In the scenario presented in this Opinion, a lawyer reading about Lawyer’s proposed strategy clearly has no duty to report Lawyer for his or her proposed trial strategy. The duty to report under IRPC 8.3 is triggered by knowledge of certain conduct. Knowledge is defined in the RPC as “actual knowledge of the fact in question.” RPC 1.0(f). The Illinois Supreme Court has further explained that in the context of Rule 8.3, this means something more than “a mere suspicion” but less than “absolute certainty.” Skolnick v. Altheimer & Gray, 191 Ill.2d 214 (2000).

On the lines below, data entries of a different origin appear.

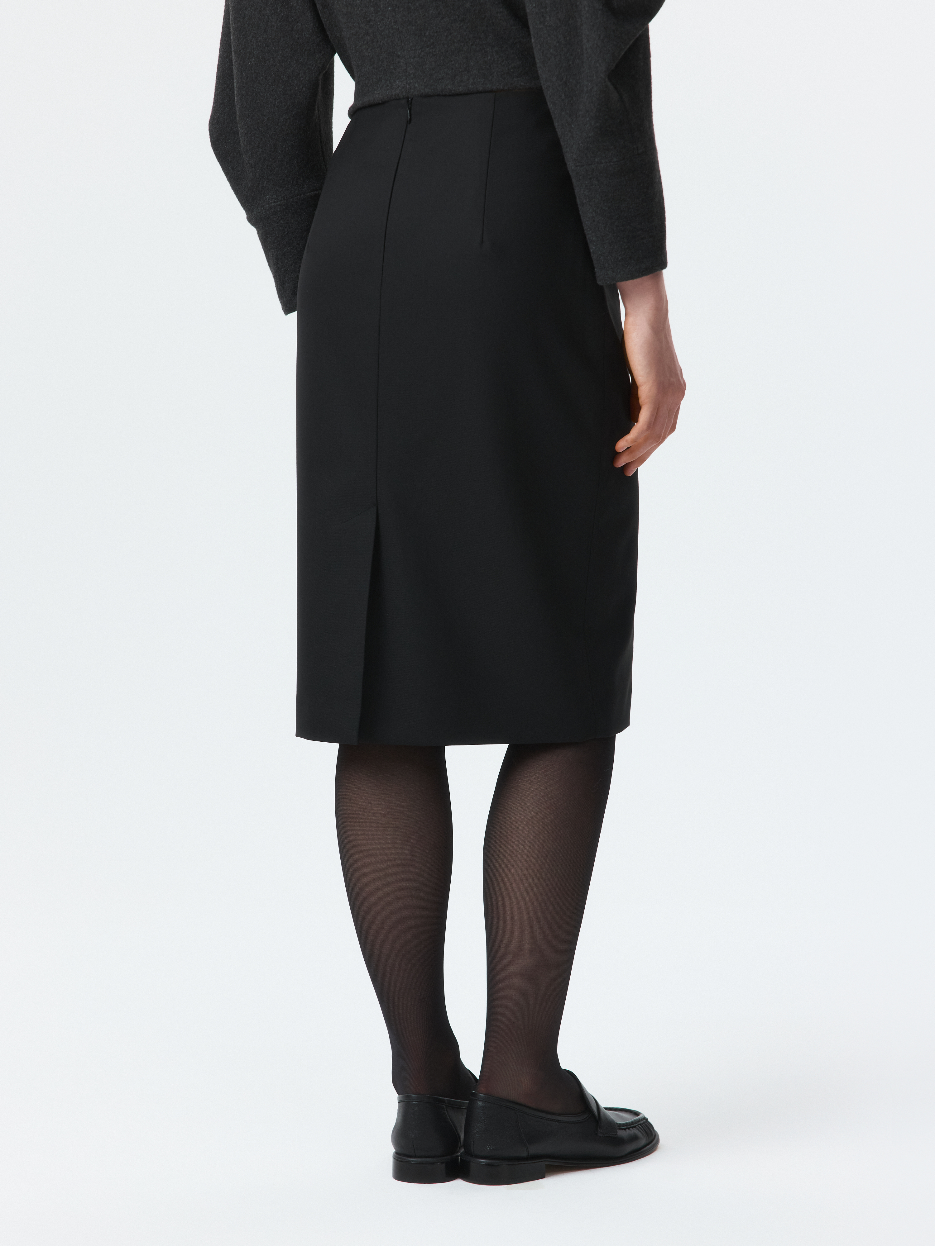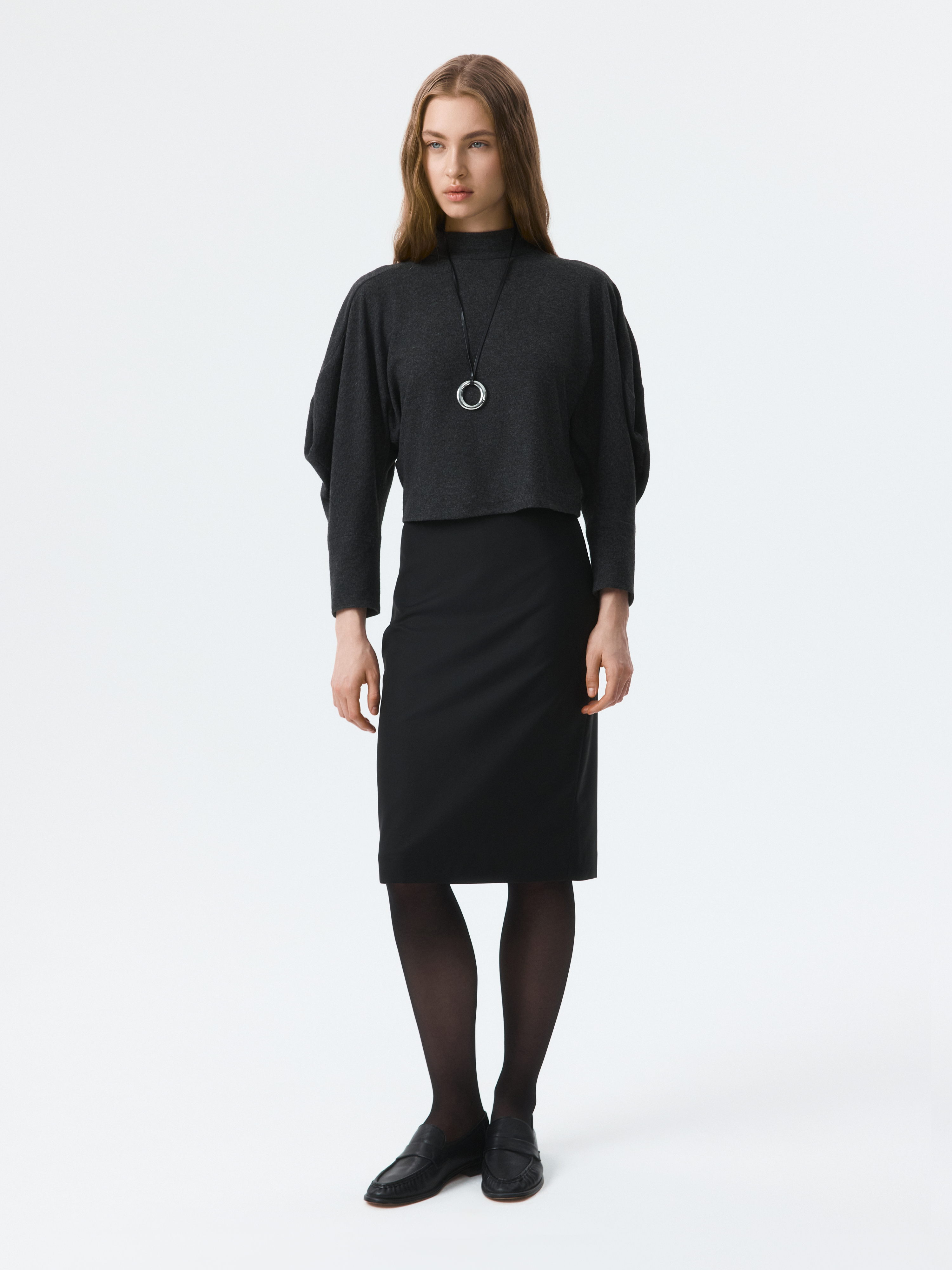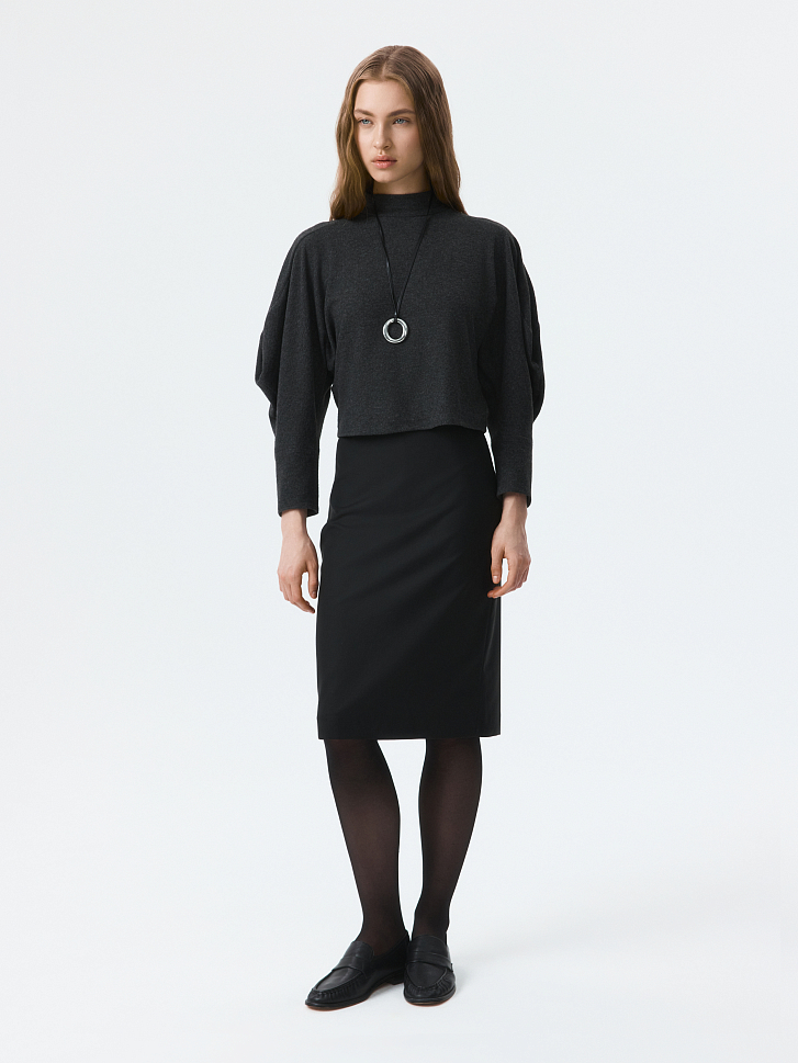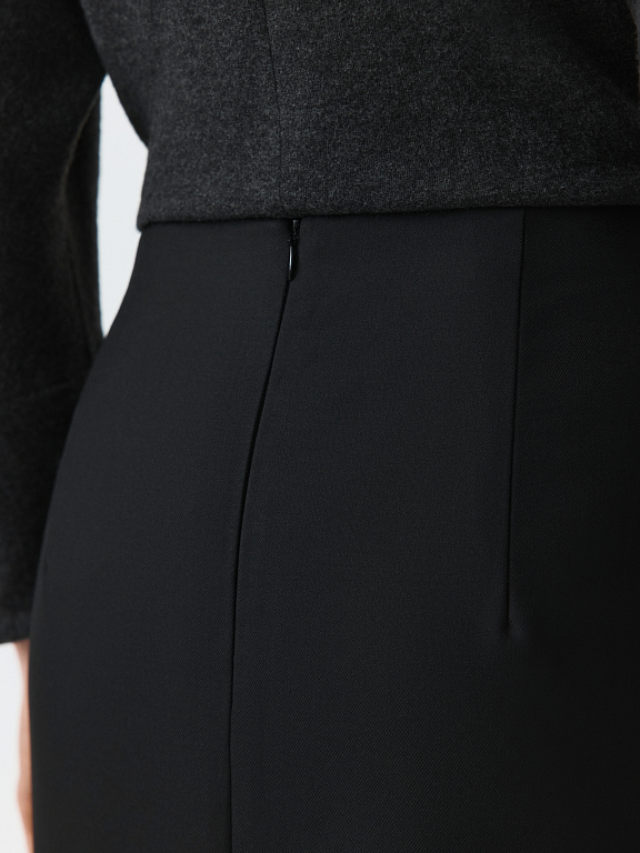 Костюмная юбка в длине миди – универсальная база для офиса и стилизаций на каждый день. Плотный текстиль из поливискозы не тянется и не требует особого ухода, а благодаря гладкой подкладке комфортно прилегает к телу. Шлица не ограничивает свободу шага.
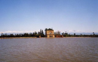 Le pavillon de la Ménara, que surplombent les monts enneigés de l'Atlas, date de l'époque saadienne (XVIe - XVIIe siècle). Il s'ouvre sur un immense bassin artificiel où se déroulaient les jeux nautiques (ou moussem). Il est aussi entouré par un parc d'oliviers d'une centaine d'hectares où aiment aujourd'hui se retouver les habitants de Marrakech.
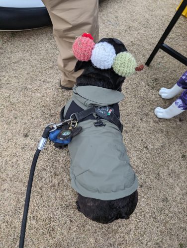 という声かけで、沢山の犬に試着していただきました。
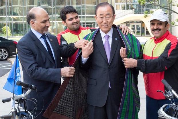 NEW YORK - On a round-the-world trip to promote peace that included cycling 7,000 miles from Istanbul, an Afghan father and son arrived Friday morning at United Nations Headquarters in New York, the final destination of the…
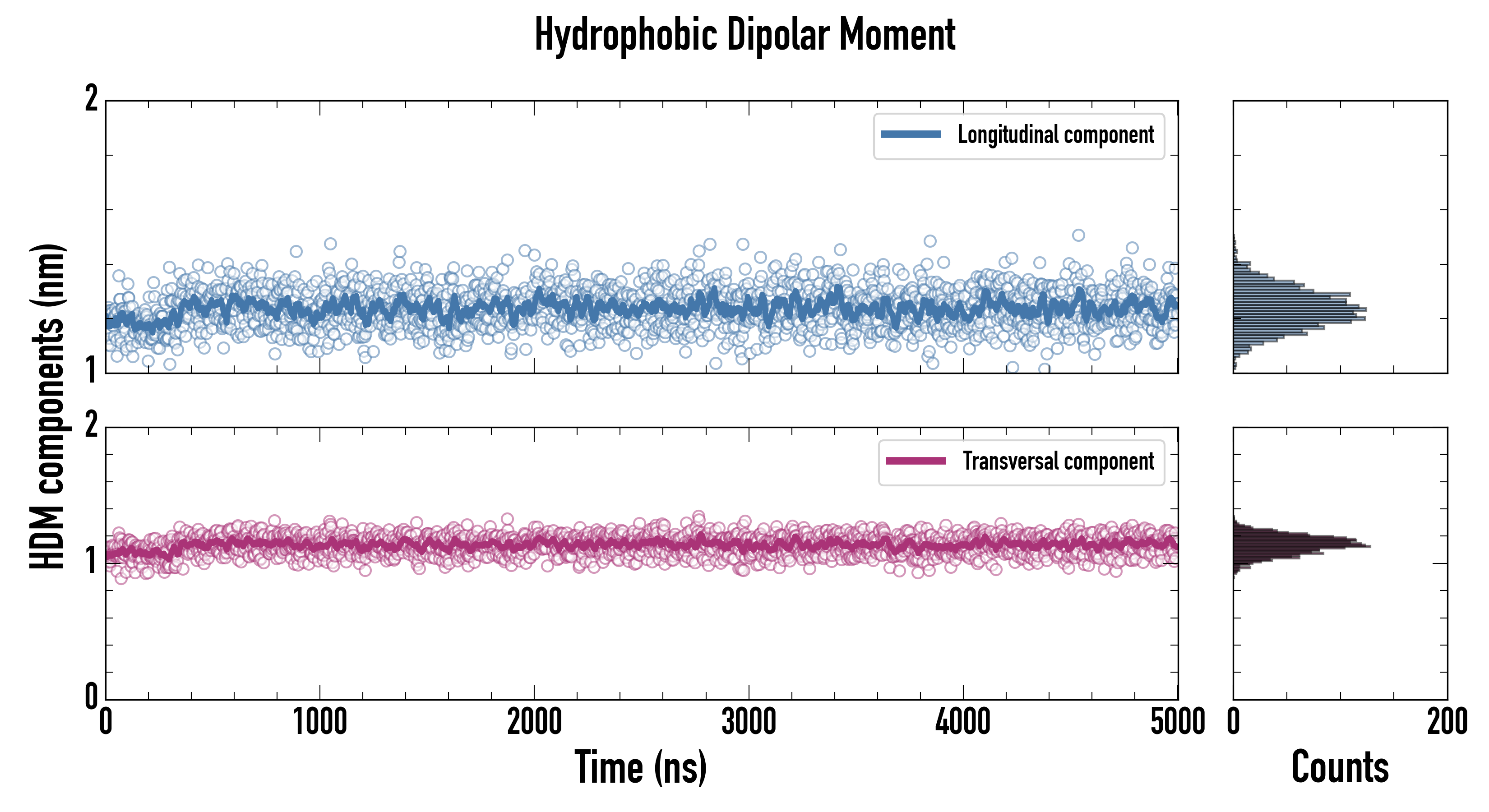 Longitudinal (e nm): 1.33 Transversal (e nm): 1.25 Hydrophobic Dipolar Moment (nm): 1.72

Merely reading (or responding to) a question about the propriety of contemplated conduct does not vest the reader with any knowledge about whether the contemplated conduct is (or has been) engaged in. Whether Lawyer might ultimately carry out the contemplated conduct is speculation on the part of a reader. Furthermore, as a matter of policy, imposing a reporting requirement for posting or reading an ethical inquiry on an online discussion group would be a chilling effect on the use of such online discussion groups and defeat their usefulness as a means to improve the professional competence and conduct of lawyers. Accordingly, a lawyer reading Lawyer’s proposed trial strategy on an online discussion group has no duty to report Lawyer under RPC 8.3.
Conclusion
Lawyer may not knowingly withhold controlling legal authority from a tribunal as a trial strategy to insure reversible error on appeal. Lawyers reading about the contemplated strategy on an online discussion group have no duty to report the posting lawyer.
References
- Black’s Law Dictionary 1542 (Bryan A. Garner, ed., 10th ed., 2014).
- Walls v. Bowersox, 151 F.3d 827 (8th Cir. 1998)
- U.S. v. Day, 969 F.2d 39, 46 n.9 (3rd Cir. 1992)
- In re Smith, 168 Ill.2d 269 (1995)
- In re Winthrop, 219 Ill.2d. 526 (2006)
- In re Karavidas, 2013 IL 115767
- In the Matter of Grammer, No. 04-SH-119 (Hearing Board, August 25, 2005) approved and confirmed M.R. 20521 (January 13, 2006).
- Skolnick v. Altheimer & Gray, 191 Ill.2d 214 (2000).